What is common to these three northern regions however is that they have an average household size larger than the national average of 5.1 persons per household.
Builsa has the smallest average household size of 4.9 persons while Bawku East has the largest of 8.2 persons, followed by Bawku West with 6.9 persons. The remaining three districts have an average size of 5.7, much smaller than the regional average of 6.3 persons.
Size Of Households
For the purpose of analysis, the households are classified into five categories: single (1 person), small (2 persons), medium (3-5 persons) large (6-8 persons) and very large (9 persons or more).

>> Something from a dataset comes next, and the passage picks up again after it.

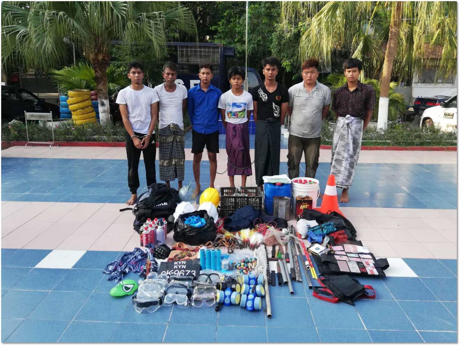 ဆူပူအကြမ်းဖက်မှုများ ဆောင်ရွက်ရာတွင်အသုံးပြုသည့် လက်နက်များနှင့် ဆက်စပ် ပစ္စည်းများနှင့် အကြမ်းဖက်လုပ်ရပ်များလုပ်ဆောင်သူများအား ဖမ်းဆီးရမိ
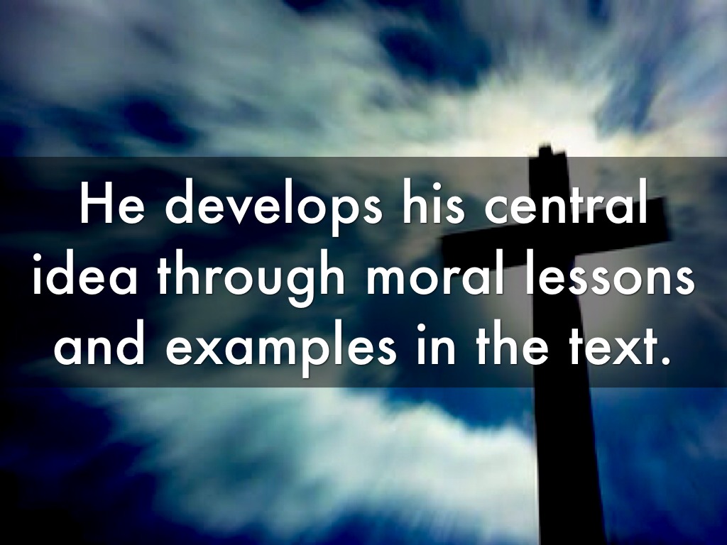 He develops his central idea through moral lessons and examples in the text.

Bawku East has the highest proportion of very large households (40.7%), followed by Bawku West (28.6%); Builsa has the lowest proportion (7.8%) of very large households. In all districts, except Bawku East, the largest proportions of households (31-47%) are of medium size. In each district, about 30 per cent of the households are large (6-8 persons).
Small households of two persons range from 4.1 per cent in Bawku East to 9.9 per cent in Builsa. Single person households form about 6 per cent in Builsa, Kassena-Nankana and Bolgatanga, and less than 5 per cent in the Bawku East (3%), Bawku West (4.2%) and Bongo (4.8%).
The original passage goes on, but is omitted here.